La Cantate se présente comme une grande fresque sonore représentant les visions successives de l’Apôtre dans lesquelles alternent la révélation des forces du mal  - parties solistes, duo et trio, dans un style contemporain (musique atonale,  dissonante) - et la révélation du Christ, des prophètes, des Apôtres et de la foule des témoins - parties grand chœur, dans un style plus classique (musique tonale, consonante, parfois empruntée au répertoire slavo-byzantin) - L'intervention d'un récitant pour la lecture de plusieurs passages du texte de Saint Jean permet des pauses de silence dans la musique et assure le fil conducteur de l'œuvre.  Tous les chants et les textes  sont en français. L’ensemble de l’œuvre dure environ une heure et demie.

Le livre de l’Apocalypse, contrairement aux idées malheureusement beaucoup trop répandues,  n’est pas la prophétie de fléaux devant s’abattre sur la terre, «à la fin des temps», dans un avenir hypothéthique. Une lecture partielle et trop fondamentaliste pourrait le laisser croire. Jean décrit plutôt le présent universel du monde avec son cortège d'horreurs, de drames, de barbarie... qui affecte le monde inéluctablement. Même si l'Apocalypse s'adresse historiquement aux chrétiens persécutés, pourchassés et massacrés par ordre de l'empereur (Domitien puis Néron), c'est un message universel d’espérance que Saint Jean adresse aux chrétiens et plus largement à tous ceux qui, de tout temps et de par le monde, souffrent de la méchanceté et de la barbarie des hommes. Dans une vision fulgurante, il décrit les forces du mal qui semblent dominer le monde et affecter le Vivant mais sans pour autant l'anéantir. Lui même, «exilé sur l'Ile de Patmos, à cause du témoignage et de la Parole de Dieu»,  souffre l'épreuve et invite ses frères de toutes les communautés d'Asie et de Jérusalem - le sac de la ville éternelle et la destruction de son temple en 70 sont au cœur du message de Jean - à  comprendre et voir le sens de l'histoire et à ne pas désespérer. Le mal, apparemment vainqueur, est vaincu par l'amour... La Bête apparemment toute puissante est anéantie par l'Agneau immolé... L'orgueil de l'homme, apparemment tout-puissant, est vaincu par l'humilité... Ainsi, Jean révèle la vraie nature du Dieu d'Israël, humble et désarmé, compatissant, vivant à jamais au cœur de l'humanité souffrante. Ainsi révèle-t-il le sens de l’épreuve de ceux qui «ont connu le baptême dans le sang de l’Agneau». L'Apocalypse devient alors un fabuleux message d'espérance :  les voix du grand chœur l’annoncent dans une musique d’une infinie tendresse : «Ils n’auront plus faim, ils n’auront plus soif ; le soleil et ses feux ne les frapperont plus ; l’Agneau de Dieu sera leur berger».

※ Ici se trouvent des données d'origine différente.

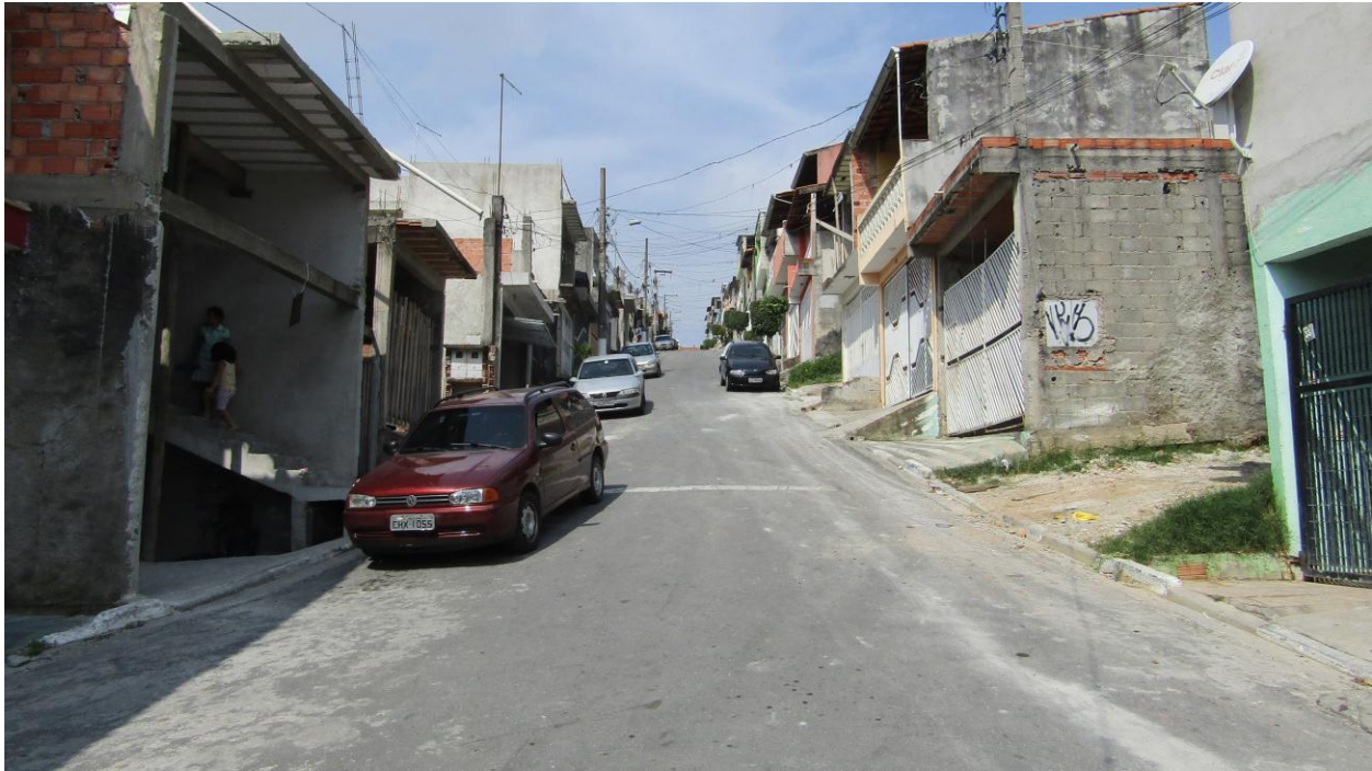
Figure 5.6 Condomínio da Sucupira. Some houses have gates, some don't.
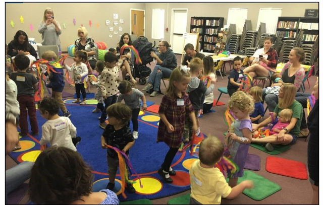
Right: "Mornings with Mommy" enjoyed a great many moms and toddlers participating.
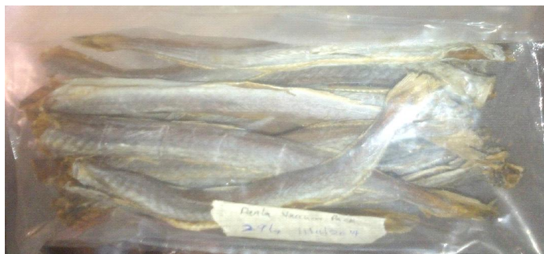
Figure 3 : Sample of stockfish Produced.

R is the drying rate in g/hr, dM is the change in mass (g), dt is the change in time (hr) and t is the total time (hr). m_i and m_f are the initial and final mass of fish samples respectively in gram.
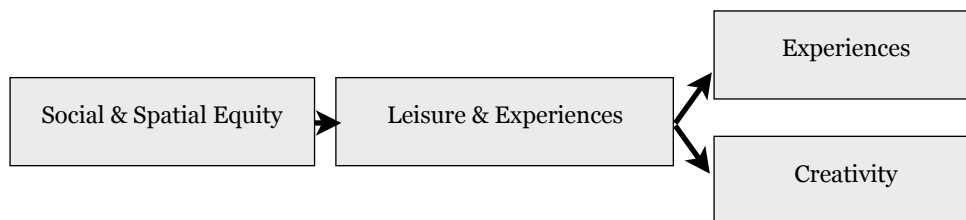
Figure 6.4: Shifts in the Focus of Development of the Municipality Story-Line.

The third story-line which I have interpreted over the last 30 years is related to the focus of the municipal plan and municipal development generally. This story-line is initially related to questions of spatial and social equality, in the way in which land use and physical planning can provide equality of access to services and equal standards of housing to various groups.
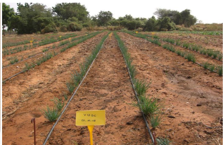
Seed production of improved Violet de Galmi onion

Nous sommes loin des imprécations terrifiantes d’un Dieu courroucé comme certains continuent de le commenter mais bien au cœur de la révélation suprême du message biblique  : Dieu s’est abaissé jusqu'au néant pour que l’homme soit relevé de son néant. «C'est là tout l'Evangile du Seigneur Jésus Christ» proclamera le récitant. Mais l’Apocalypse n’est pas pour autant une vision doucereuse et idyllique d’un paradis perdu et retrouvé, un happy-end biblique...  Il s’agit tout au contraire d’un message «d’exigence et de salut» comme le chantera le ténor, qui invite à la violence... non celle commise par la haine sur autrui, mais celle faites à soi-même, volontairement assumée et qui, mystérieusement, engendre la compassion pour l'autre, l'amour universel et la paix.
L’Apocalypse s’achève par un cri : non celui de la terreur - qui semble pourtant dominer le monde  -mais bien celui de l’Amour révélé et toujours désiré : « Maranatha! Viens Seigneur ! », chanté par le grand chœur et les solistes dans une musique bouleversante.